Принципы искусства (Теория воображения) - [9]
Однако работы Локка содержат зародыш и совершенно другого метода для различения реальных идей и фантастических. Он описывает фантастическую идею как идею, которую "разум творит для себя". Сложные идеи иной раз оказываются фантастическими, поскольку иногда являются "произвольными комбинациями" простых идей, - в этом случае "Разум Человека пользуется некоторого рода Свободой" при их создании. Некоторые идеи никогда не могут быть фантастическими, поскольку не могут быть "Увеселением Воображения"', разум "не может для себя сотворить ни одной простой идеи". Здесь Локк, похоже, не смог осознать этого факта, однако подобные утверждения дали ему возможность описать способ различения идей реальных и фантастических, не ссылаясь на их происхождение. Ему оставалось только предположить, что наша способность к тому, что он называл рефлексией, дает нам возможность отличить произвольное действие от непроизвольного passio, предположить, что благодаря интроспекции мы можем сказать, когда действуем сами и когда подвергаемся постороннему воздействию. Если это так, интроспекция сама по себе сможет отличить реальные чувства от воображаемых. Разумеется, она не сможет выявить каких-либо различий между самими чувствами, поскольку чувства недоступны для интроспекции, но она может анализировать ощущения, она сможет выявить различия в деятельности, посредством которой мы ощущаем. В одном случае деятельность интроспективно будет признана произвольной, в другом - непроизвольной, не actio, apassio.

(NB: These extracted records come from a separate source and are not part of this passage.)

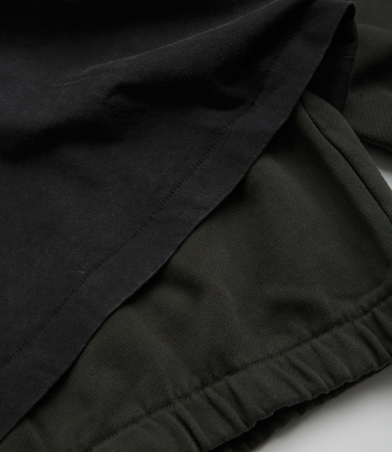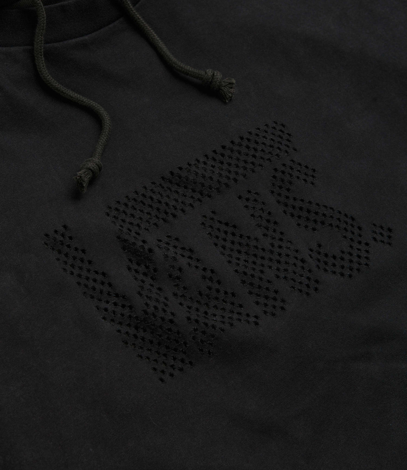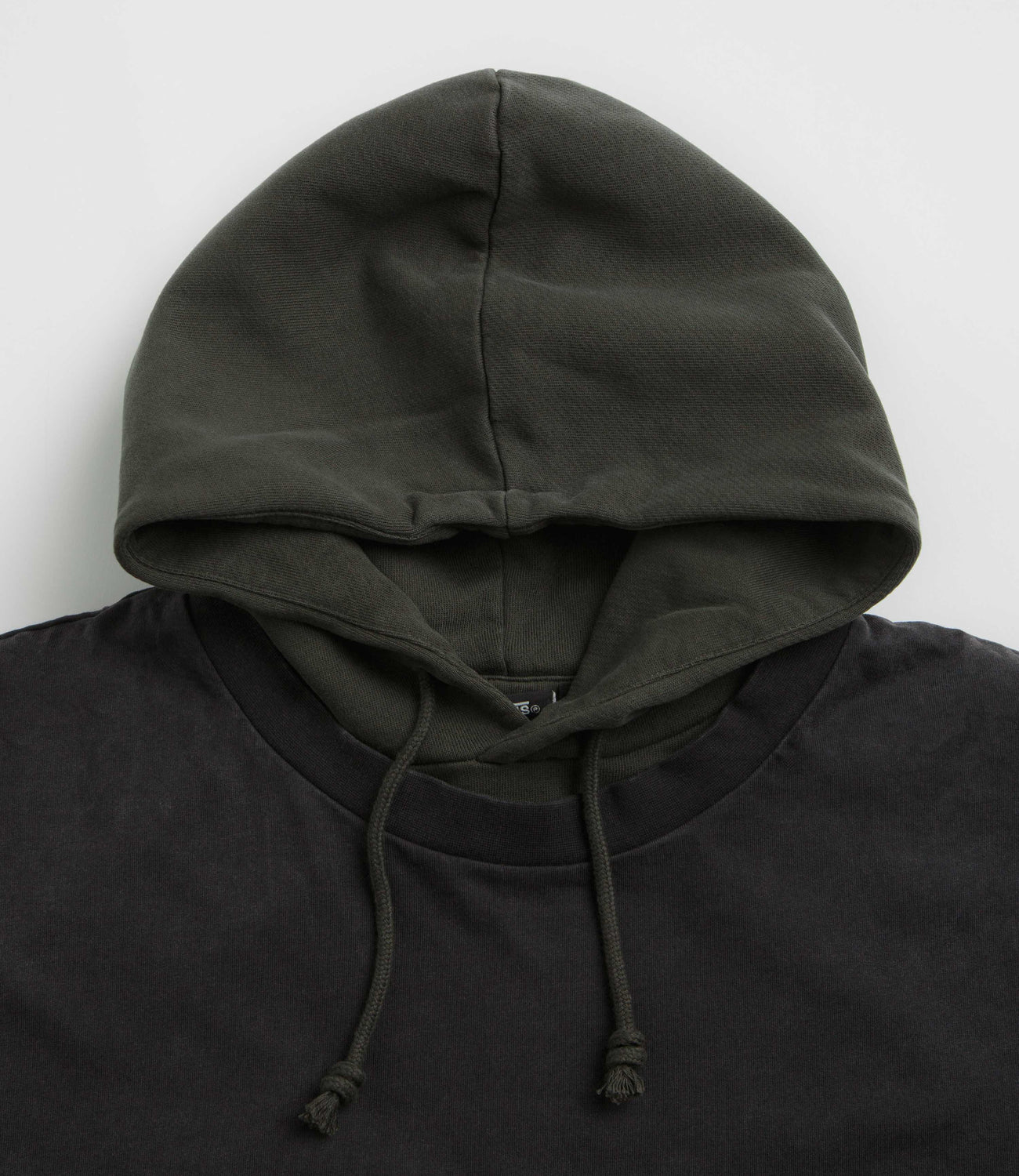 Vans x SlamJam AOD Lasered Hoodie in Washed Black. A 2-in-1 design, this vintage washed Vans hoodie is designed in collaboration with Act of Disagreement. Featuring a 100% cotton fleece hoodie and a 100% cotton t-shirt is, this black Vans hoodie is finished with an adjustable drawcord hood, elasticated cuffs and a lasered chest logo.
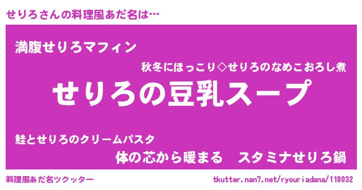 | 胡散臭い通販商品みたいなあだ名 | 『信頼と実績のサプリメント…その名も「せりろ」』 |
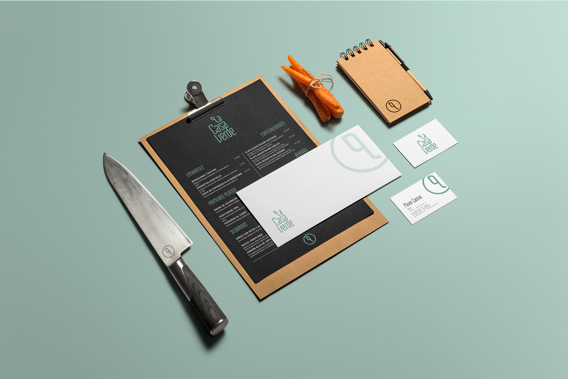Imagen corporativa creada para el restaurante vegetariano La Casa Verde. Se trata de un restaurante que ofrece un producto fresco de manera moderna, y busca diferenciarse de la amplia competencia con la que compite por hacerse un hueco en Madrid.
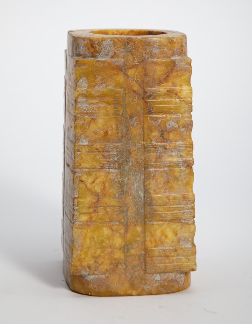 SoldA Chinese Jade Cong with/StandA square shaped yellow jade carved cong. H: 6.2cm 古玉琮連底座 Click here for natural light detailed photos 點擊查&See Sold Price
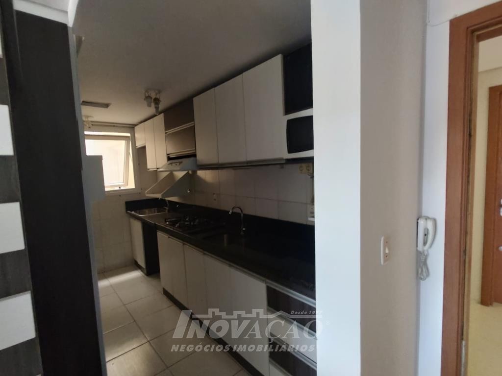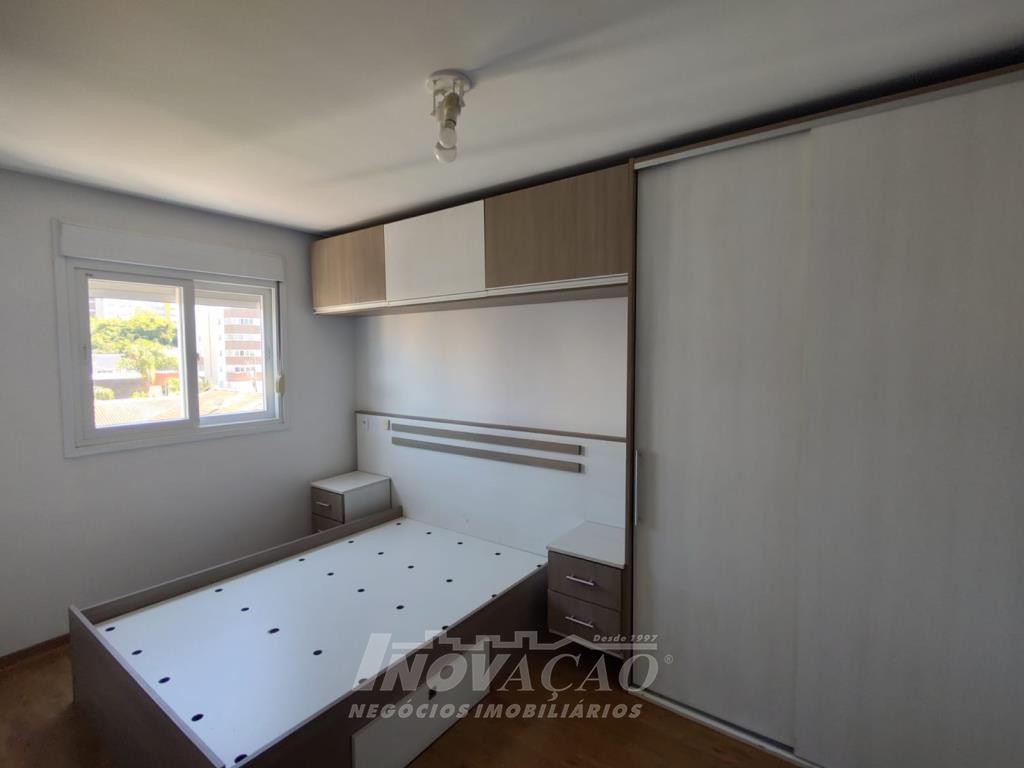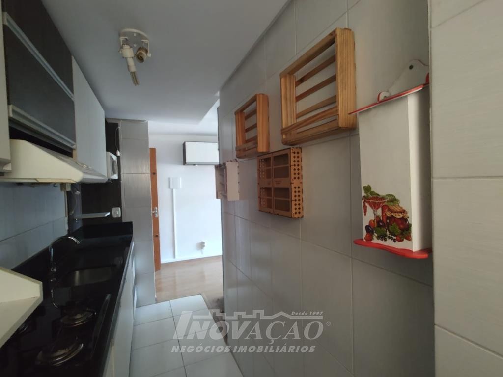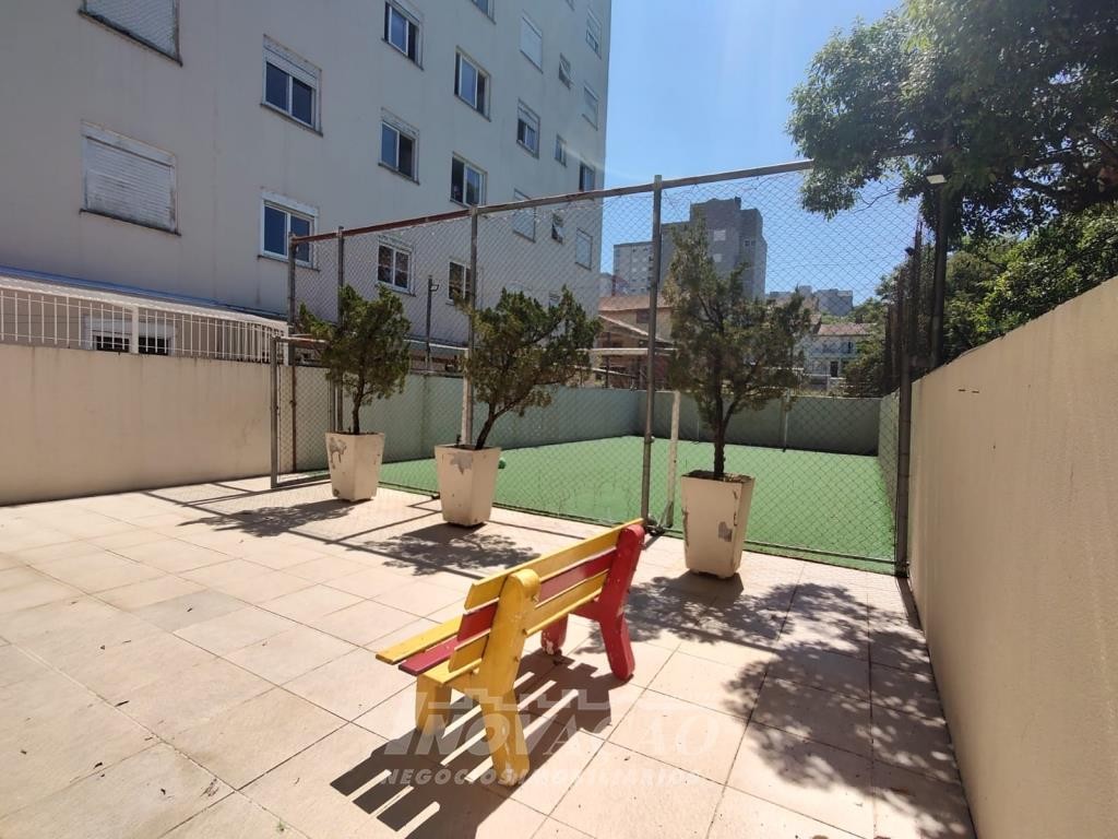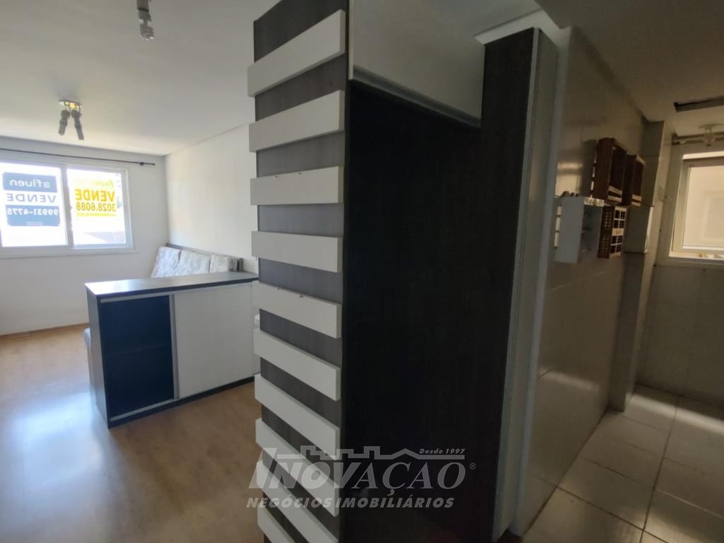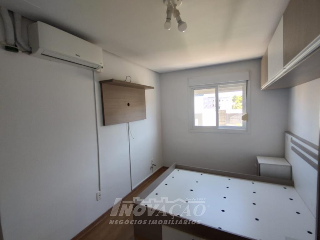 Inovação Negócios Imobiliários vende apartamento semimobiliado, no bairro Charqueadas próximo ao Shopping Villagio, com dois dormitórios, banheiro social, sala de estar e jantar, cozinha e área de serviço integradas, dois splits, esquadrias de alumínio, dois salões de festas, quadra de esporte e um box de garagem.
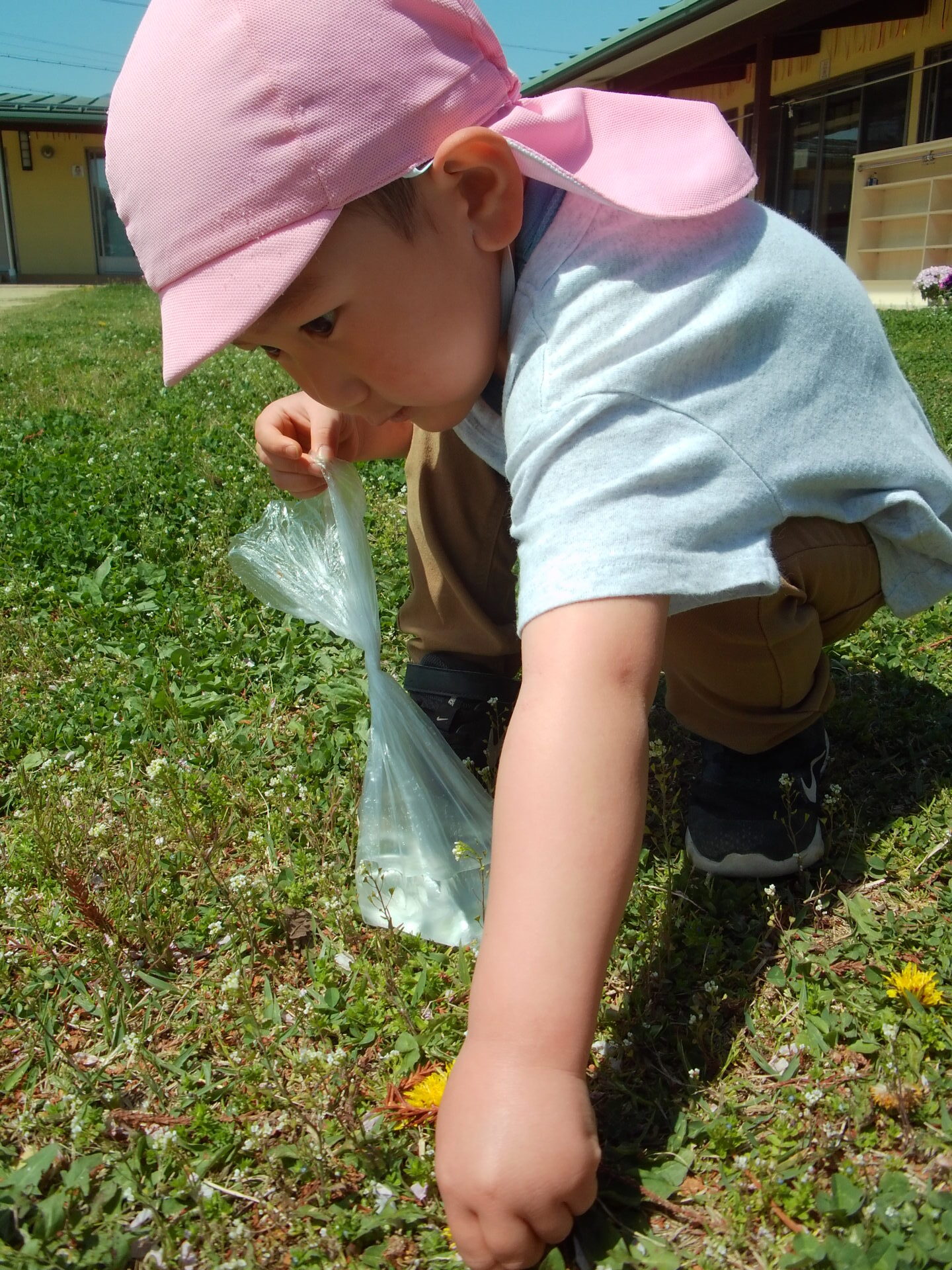 園庭にクローバーやたんぽぽ、パンジーがたくさん咲いて、子どもたちも興味をもって摘んでいます
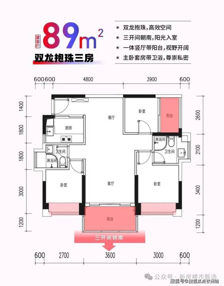 建筑面积约89㎡三房两厅两卫,东南朝向,双阳台,主卧套房设计
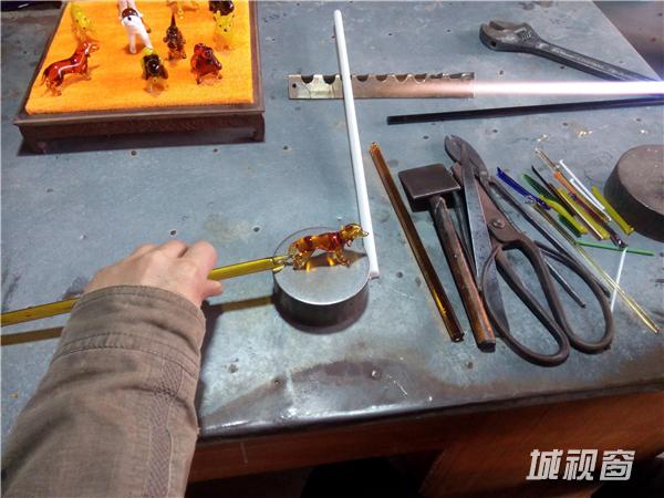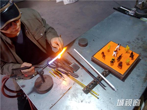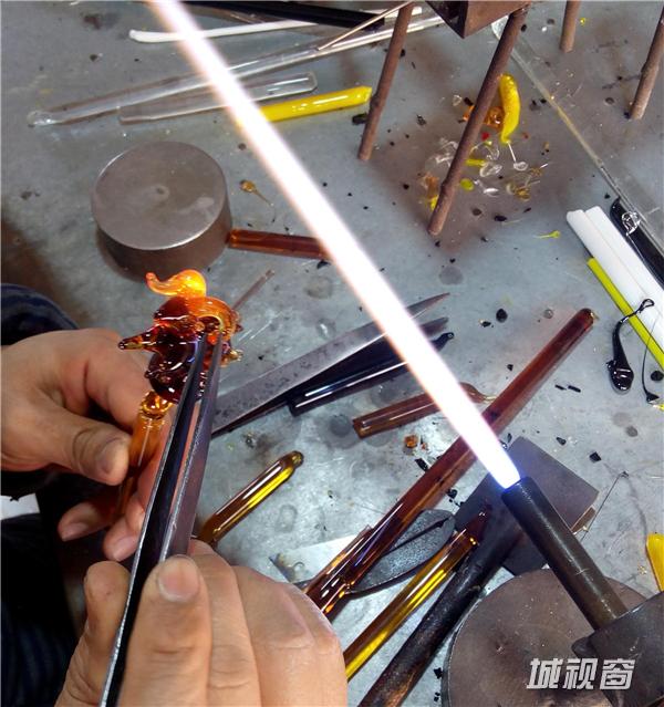 灯工不是一种仅凭机械或工具对玻璃外观直接加以改造的制作活动,它因为有“火”的参与,使得玻璃材料呈现瞬间多变的特质,可以细若蛛丝,也可以圆润如珠,形态万千。当玻璃棒或玻璃管在喷灯上加热后,制作者要随时调整手势来控制玻璃软化的速度,确定玻璃的软硬程度以便满足不同造型的要求,同时要借助各种小型工具加以雕琢,随时在“火”中调整玻璃形态。
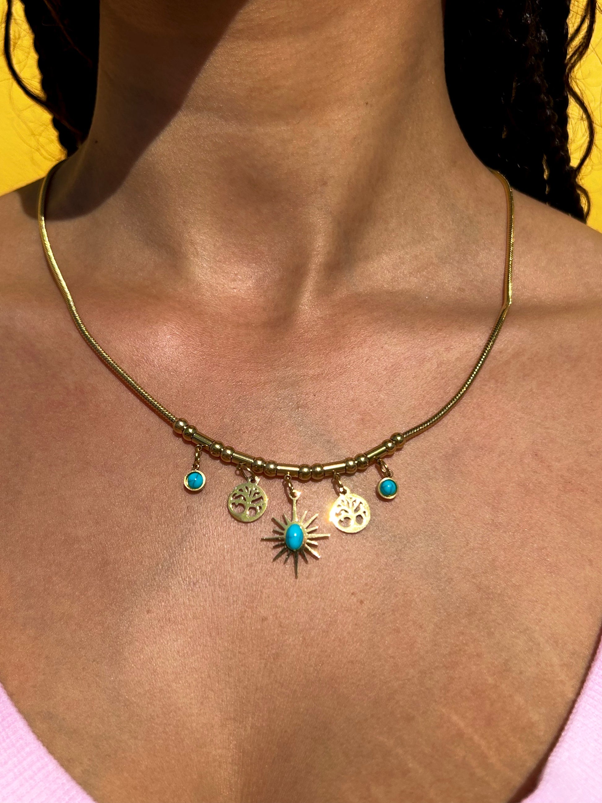Le collier "Mystiques Turquoises" fusionne élégance et protection avec ses breloques inspirées de symboles mystiques et apaisants. Suspendues à une chaîne en acier inoxydable doré, les breloques incluent des yeux protecteurs, des soleils turquoise éclatants, un cœur délicat, et des pierres naturelles. Chaque détail apporte une énergie positive et une touche sophistiquée à vos tenues.

Эта "теория интроспекции" (как я предпочитаю ее называть), посвященная различию между реальными ощущениями и воображением, была разработана не Локком, хотя умный читатель смог бы ее воссоздать исходя из его текста, и по крайней мере один весьма умный его читатель так и поступил.
3
- 3. БЕРКЛИ: ТЕОРИЯ ИНТРОСПЕКЦИИ
Для Беркли "идеи Чувства" отличаются от "идей Воображения" ("Трактат о началах человеческого знания", I, - 30). Эти термины заимствованы из "Разысканий истины" Мальбранша, однако Мальбранш ограничивается констатацией различия в физиологическом плане, объясняя, что идея, которую он считает просто ощущаемым возмущением в нашем организме, может быть вызвана либо воздействием постороннего тела, либо же самопроизвольными изменениями в самом организме. Для Беркли такое обращение к физиологии представлялось простой уверткой. Проблема состояла не в том, чтобы придумать теорию, объясняющую возникновение идей двух разных типов, - ее целью должно было быть объяснение, как на самом деле люди узнают, еще не придумав никакой подобной теории, к какому же типу принадлежит данная идея. Следовательно, это различие должно быть доступно для наблюдения и проверки со стороны самых простых людей. Иначе говоря, оно должно быть сформулировано в терминах идей. Утверждение этого в терминах связи между идеями и человеческим организмом или вообще физическим миром не служит никакой цели. Итак, Беркли попытался это сформулировать только в терминах идей и предложил утверждение, что "идеи Чувства более сильны, живы и отчетливы, чем идеи Воображения".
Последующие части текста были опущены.